#### YOUR OBJECTIVE:
Exactly as written, transcribe the data from its opening line through the line containing "8074 | 20 €". Leave every picture out.

Dataset entries:
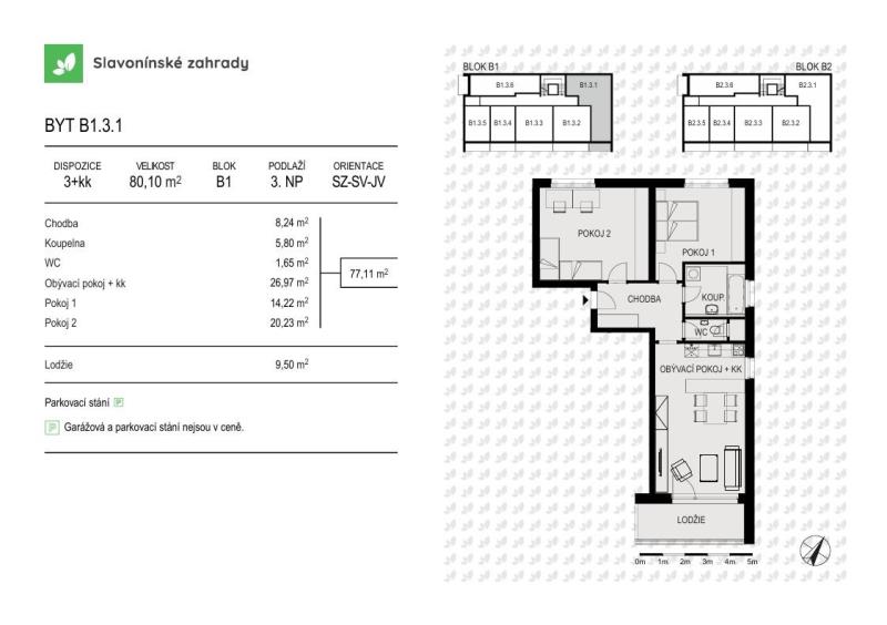 Nabízíme prostorný byt s označením B1.3.1 o dispozici 3+kk, podlahové ploše 80,1 m2 v 3. NP, s balkónem 9,5 m2. ideální pro rodiny s dětmi, páry nebo jako investiční bydlení.
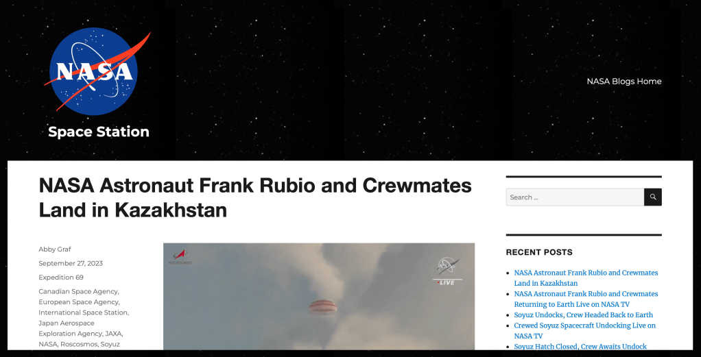 1. NASA Blogs – NASA Astronaut Frank Rubio and Crewmates Land in Kazakhstan
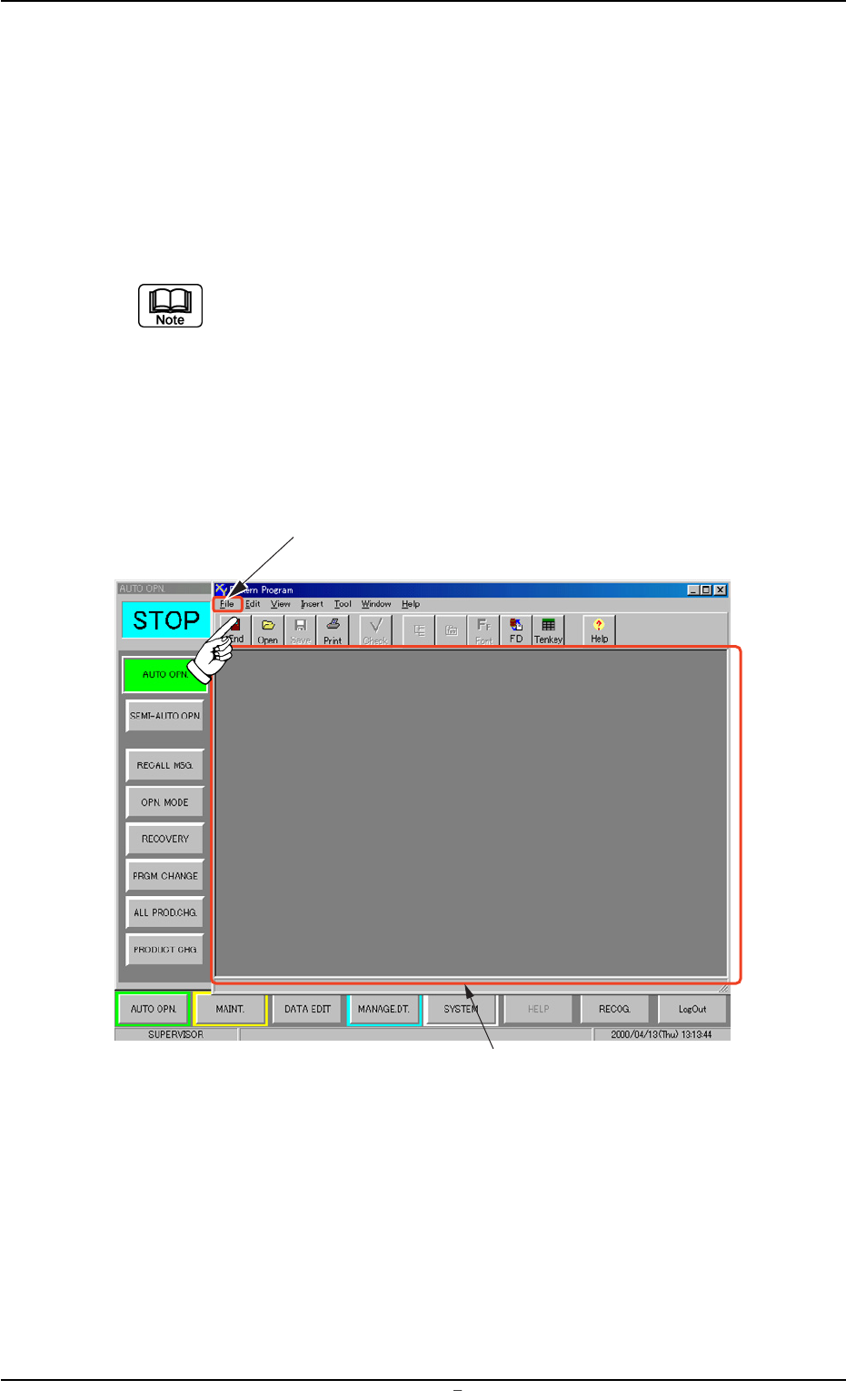 (2) Press "File" on the menu bar . The pull-down menu opens. Select "New Prgm." or "Open..." from the pull-down menu. New Prgm. : Select this to newly create a pattern program. Open... : Sel…
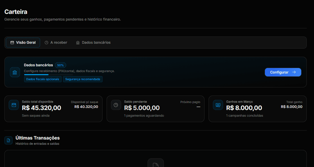 Campanhas, mensagens, entregáveis e notas fiscais. Tudo centralizado para a sua equipe focar na estratégia.
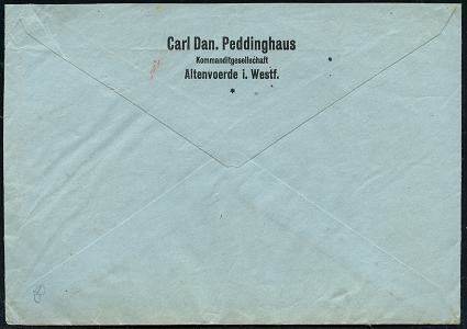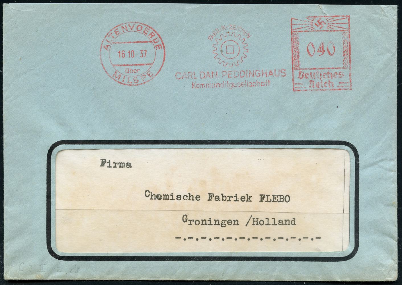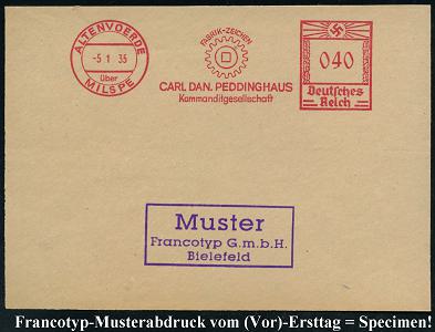 8074 | 20 € | PL-Raum 46.. (ohne Dortmund, Bochum, Gelsenkirchen) : ALTENVOERDE/ über/ MILSPE/ ..CARL DAN.PEDDINGHAUS/ KG 1937 (16.10.) AFS Francotyp "Hakenkreuz" (Zahnrad-Logo) rs. Abs.-Vordruckm Ausl.-Bf., vergl. Katalog-Nr. 8073 u. 8075 (Dü.E-3CEo) | ![]() ![]() | |
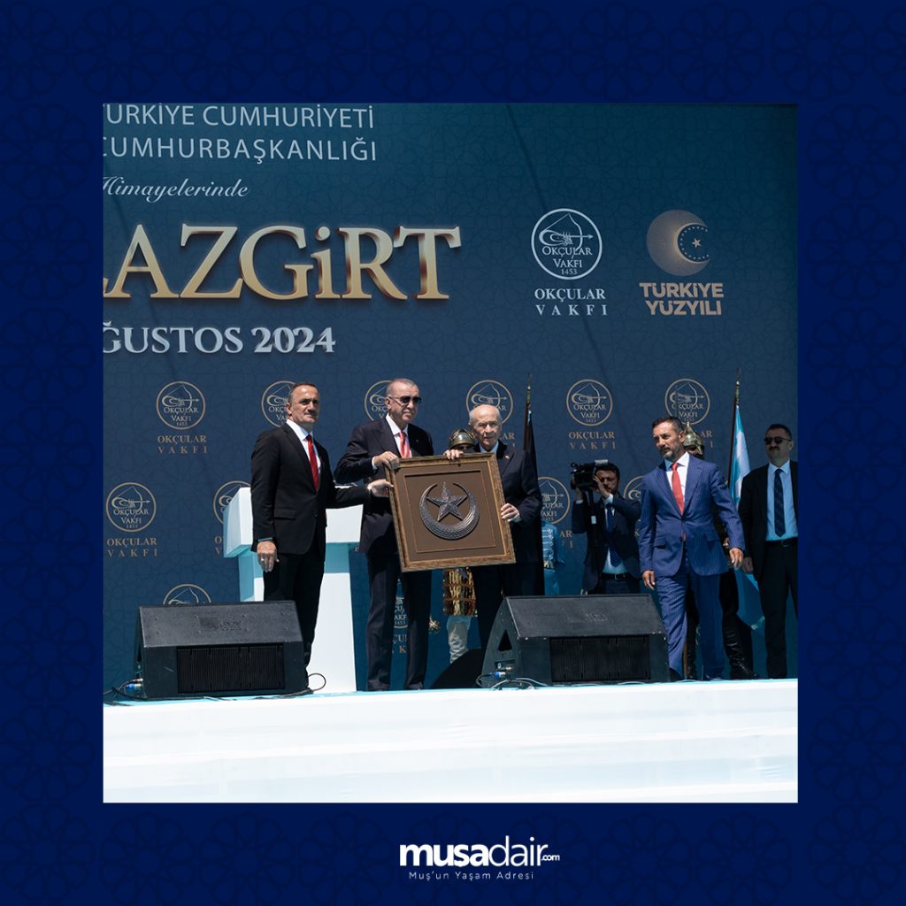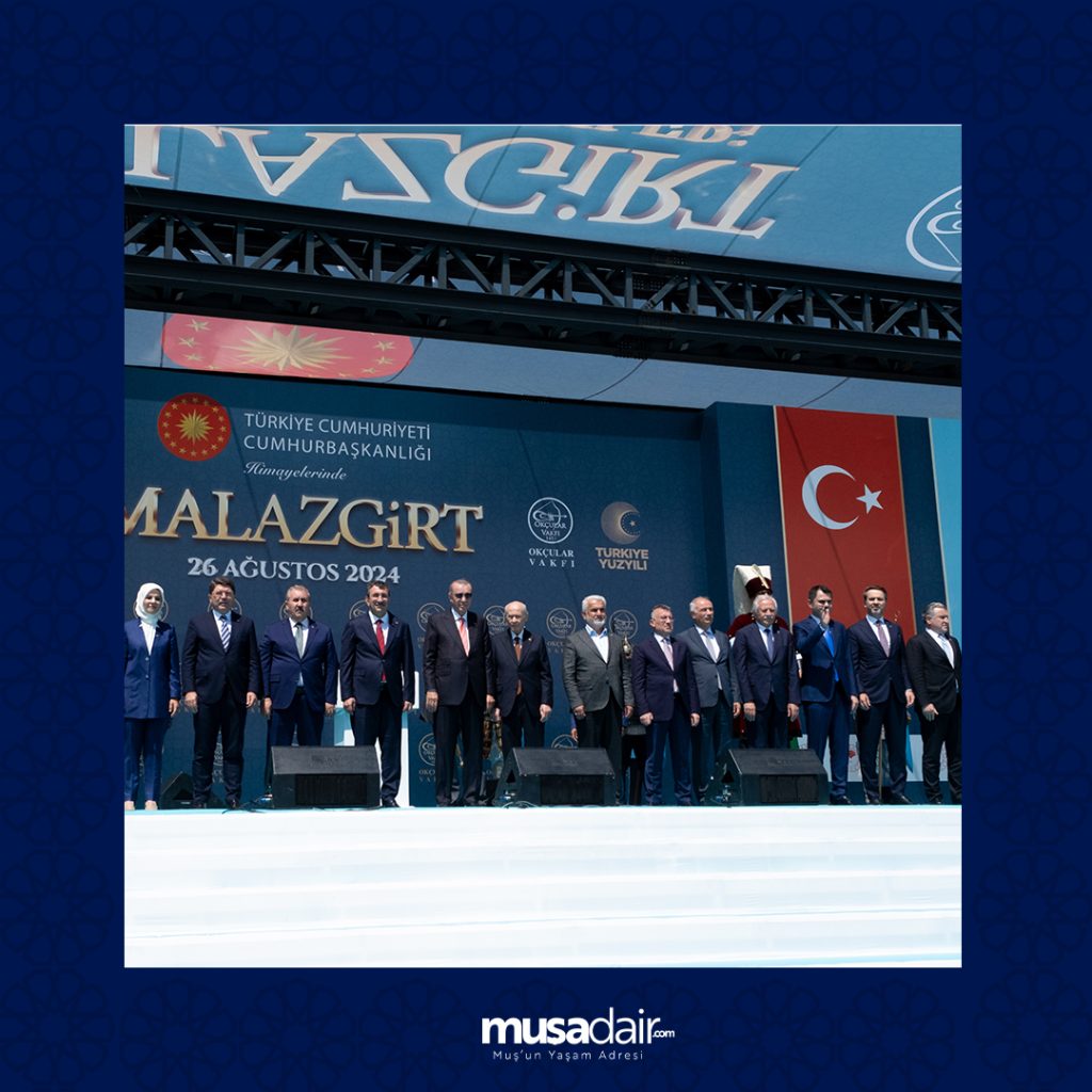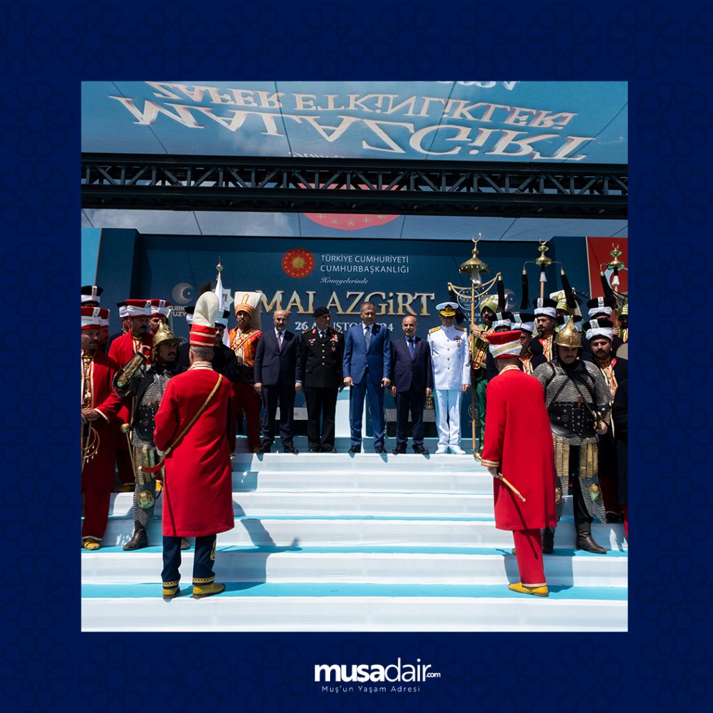 Cumhurbaşkanı Recep Tayyip Erdoğan, Malazgirt Zaferi’nin 953. Yıl Dönümü Kutlama Programı’nda yaptığı konuşmada, “Bir cuma sabahı, semaya karşı, Malazgirt’te 54 bin er, bestelediler en güzel marşı: Allahu ekber, Allahu ekber.” dizelerine atıfta bulunarak, “Bu mısralara ilham veren o günkü imanla, o günkü cesaretle, o günkü adanmışlıkla bugün yine Malazgirt’teyiz.” dedi. Sultan Alparslan ve kahraman askerlerini rahmet ve minnetle anan Erdoğan, “İlk fetih hareketlerinden bugüne kadar ezan susmasın, bayrak inmesin, ocak sönmesin diye, milletimiz huzur içinde alnı ak yaşasın diye, üzerimize yabancı gölgeler düşmesin, istiklalimize halel gelmesin diye şehit olan, gazi olan tüm kahramanlarımızı şükranla anıyorum.” ifadelerini kullandı.Erdoğan, Malazgirt Zaferi’nin milletin binlerce yıllık birlik ve dirlik şuurunun, zulme ve zalime karşı duruşunun destanlarından biri olduğunu belirterek, “Malazgirt, vahdetin ve zulme karşı kenetlenmenin zaferidir. Bundan tam 953 yıl önce Sultan Alparslan atının üzerindeyken askerine şöyle seslenmişti; ‘Eğer şehit olursam bu beyaz elbise kefenim olsun. Ben nefsimi Allah’a adadım. Benim için şehadet de muzaffer olmak da bir saadettir. Zaferi kazanırsak istikbal bizimdir.’ O büyük sultan, 953 sene önce Malazgirt Zaferiyle istikbalin bizim olacağını müjdelemişti.” dedi.Cumhurbaşkanı Erdoğan, konuşmasında Malazgirt Zaferi’nin sadece bir askeri zafer olmadığını, aynı zamanda Türk milletinin Anadolu’ya kök saldığı, yeni bir medeniyetin temelinin atıldığı tarihi bir dönüm noktası olduğunun altını çizdi. Erdoğan, Türkiye’nin geleceğini inşa ederken Malazgirt ruhundan ilham aldıklarını ve bu ruhu gelecek nesillere taşımak için kararlılıkla çalışmaya devam edeceklerini vurguladı.Erdoğan, konuşmasını şu sözlerle tamamladı: “Tarihimizin şanlı zaferlerinden biri olan Malazgirt, bizlere bir kez daha gösteriyor ki, iman, birlik ve cesaretle aşılamayacak hiçbir engel yoktur. Türkiye Yüzyılı hedeflerimize doğru ilerlerken, Malazgirt Zaferi’nin ruhuyla her türlü zorluğu aşacağımıza inanıyoruz.”

#### REPLY TO THE EXERCISE:
 Nabízíme prostorný byt s označením B1.3.1 o dispozici 3+kk, podlahové ploše 80,1 m2 v 3. NP, s balkónem 9,5 m2. ideální pro rodiny s dětmi, páry nebo jako investiční bydlení.
 1. NASA Blogs – NASA Astronaut Frank Rubio and Crewmates Land in Kazakhstan
 (2) Press "File" on the menu bar . The pull-down menu opens. Select "New Prgm." or "Open..." from the pull-down menu. New Prgm. : Select this to newly create a pattern program. Open... : Sel…
 Campanhas, mensagens, entregáveis e notas fiscais. Tudo centralizado para a sua equipe focar na estratégia.
 8074 | 20 € | PL-Raum 46.. (ohne Dortmund, Bochum, Gelsenkirchen) : ALTENVOERDE/ über/ MILSPE/ ..CARL DAN.PEDDINGHAUS/ KG 1937 (16.10.) AFS Francotyp "Hakenkreuz" (Zahnrad-Logo) rs. Abs.-Vordruckm Ausl.-Bf., vergl. Katalog-Nr. 8073 u. 8075 (Dü.E-3CEo) | ![]() ![]() | |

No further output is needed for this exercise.